◆ Activity: In the material below, find the line with "Según publicó Mundo" and the line with "- Walls: 2x4", then output both and every line between them exactly, omitting pictures.

◆ Records provided:
§

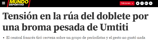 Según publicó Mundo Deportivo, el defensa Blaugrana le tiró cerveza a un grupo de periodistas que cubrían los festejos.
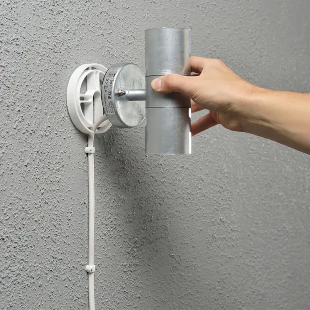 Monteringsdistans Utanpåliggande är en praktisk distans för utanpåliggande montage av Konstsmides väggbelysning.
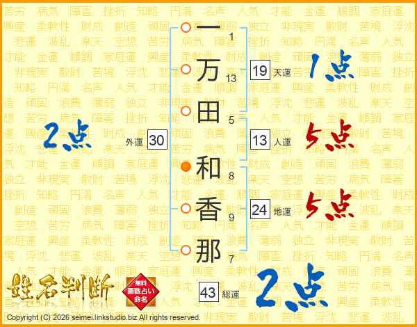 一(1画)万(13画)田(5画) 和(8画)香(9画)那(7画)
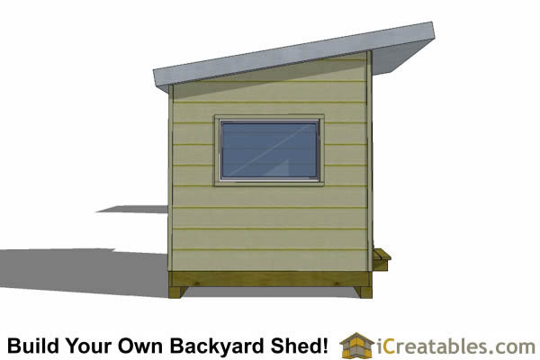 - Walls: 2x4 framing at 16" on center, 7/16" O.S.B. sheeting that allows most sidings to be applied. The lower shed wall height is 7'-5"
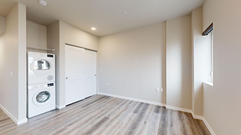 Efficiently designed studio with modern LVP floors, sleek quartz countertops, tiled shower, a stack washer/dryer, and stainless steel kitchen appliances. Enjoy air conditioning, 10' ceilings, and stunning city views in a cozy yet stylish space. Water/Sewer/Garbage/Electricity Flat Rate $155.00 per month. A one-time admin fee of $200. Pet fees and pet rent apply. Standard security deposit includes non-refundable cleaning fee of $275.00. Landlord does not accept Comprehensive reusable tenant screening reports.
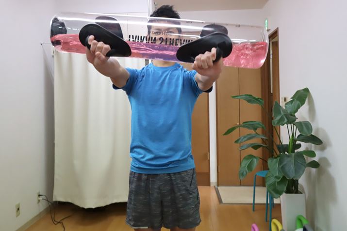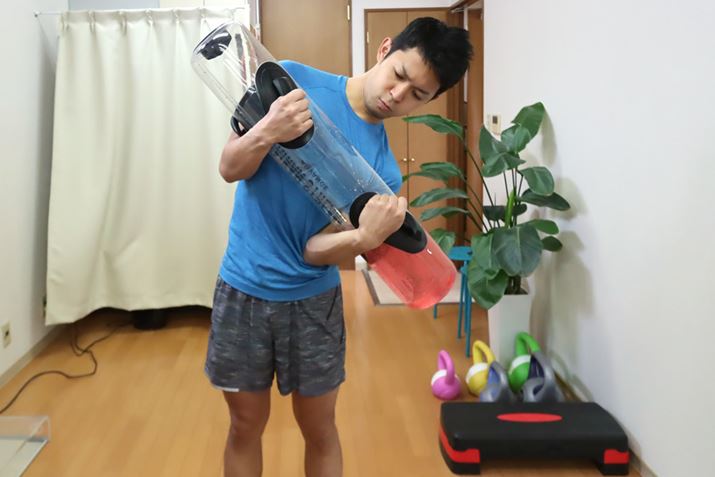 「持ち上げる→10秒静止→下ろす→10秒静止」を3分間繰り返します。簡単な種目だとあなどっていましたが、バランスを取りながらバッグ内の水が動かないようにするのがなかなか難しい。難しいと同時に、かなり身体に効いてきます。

§

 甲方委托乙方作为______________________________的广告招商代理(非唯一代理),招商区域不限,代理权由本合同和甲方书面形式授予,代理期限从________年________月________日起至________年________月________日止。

§

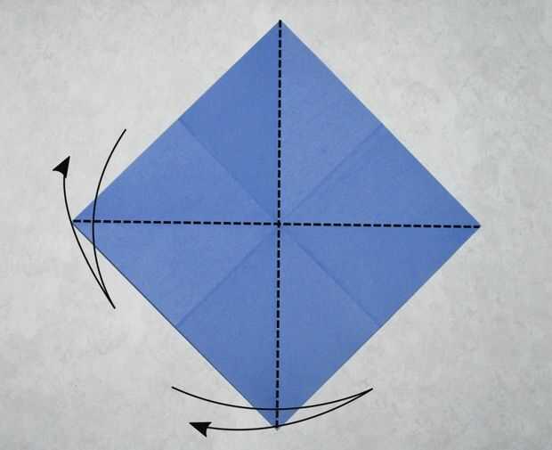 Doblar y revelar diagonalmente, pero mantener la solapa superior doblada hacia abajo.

§

◆ Your solution:
 Según publicó Mundo Deportivo, el defensa Blaugrana le tiró cerveza a un grupo de periodistas que cubrían los festejos.
 Monteringsdistans Utanpåliggande är en praktisk distans för utanpåliggande montage av Konstsmides väggbelysning.
 一(1画)万(13画)田(5画) 和(8画)香(9画)那(7画)
 - Walls: 2x4 framing at 16" on center, 7/16" O.S.B. sheeting that allows most sidings to be applied. The lower shed wall height is 7'-5"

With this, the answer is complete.